In the past, I’d picked up those little scarves from wherever, and while they may have provided me with that pop of color – but frankly, they were crap. They’d catch on my earrings or hangnails, would start to look tatty in a month, and, God forbid, I should spill something on it, washing it would be like washing dollar bills down the drain.
And that’s when I started to realize that if I thought about scarves as statement jewelry, I needed to think about them as the same kind of investment, both financially and in terms of quality.
Enter the work of people like artist Andrea Donnelly and her company, Little Fool Textiles. Now I’ve often thought of the weaving process as completely miraculous: you start with un-dyed threads, and somehow manipulate them into pattern, life and beauty.
And in a small studio in Richmond, Va., Andrea does just that: she designs, weaves, paints, and dyes elegant, you’ll-never-see-them-coming-toward-you scarves and wraps.

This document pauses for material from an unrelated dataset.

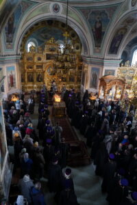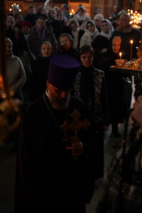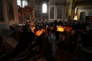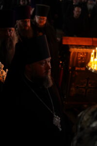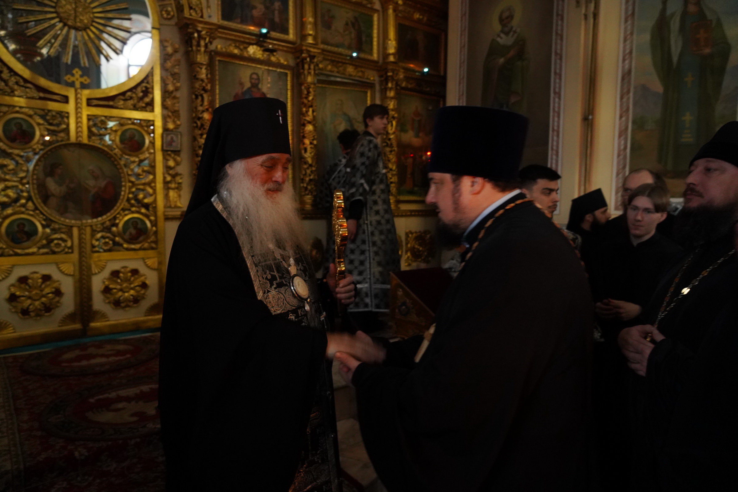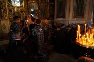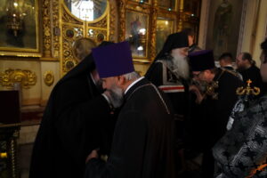 После пения великого прокимна и закрытия Царских врат духовенство переоблачилось в великопостные черные ризы. В конце вечерни была прочитана молитва преподобного Ефрема Сирина «Господи и Владыко живота моего…». Затем владыка прочитал молитвы на начало Великого поста и обратился к участникам богослужения с архипастырским словом и коленопреклоненно испросил у духовенства и всей паствы прощения. После чего был совершен чин прощения, во время которого архипастырь и духовенство, согласно благочестивой традиции, испросили прощения друг у друга и у народа.

The scarves—which often come in an unlikely combination of ikat and check—are made from delicious materials: high-quality mercerized cotton from North Carolina, wools from Henry’s Attic in New York state (a company that does their own spinning), and domestically sourced wool, silk, and linen. And you feel the difference where it counts: in your hands and around your neck. Softness, suppleness, sensuousness.
The fibers come to her un-dyed—she takes care of that herself—and what a knack she has. These are colors you don’t see anywhere else: sumptuous, dreamy blues; deep pinks you can actually wear without feeling like an 80’s reject; subtle, painterly combinations that give the scarves a fluidity that’s hard to beat. My favorite? The lyrical Wind on Water Ikat wrap.

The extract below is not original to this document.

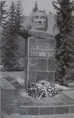 Его похоронили возле плотины Братской ГЭС, памятник делали под руководством скульптора Юрия Русинова. После того, как покрывало упало, многие вздрогнули, они увидели прекрасный скульптурный портрет Наймушина, выполненном в самом трудном и вечном материале – диабазе. Борис Сальников прочитал стихи:

This Virginia Commonwealth University grad is in love with her process, documenting it extensively on the Little Fool Textiles site, on her artist site, and on her blog, Little Fool, a Small Business Romance.
I adore that the care Andrea takes in her artistry and craftsmanship of a scarf or wrap extends to the artistry and craftsmanship of the experience of receiving one of her pieces. She sweats the details in a big way, wrapping and boxing each scarf meticulously, and if you’re lucky, including a gorgeous book on her process.
That commitment to her work—to our delight in her work—is as valuable, precious, as any gorgeous necklace. It just happens to be jewelry made out of fiber. And the best part: it can keep you warm, quite gorgeously.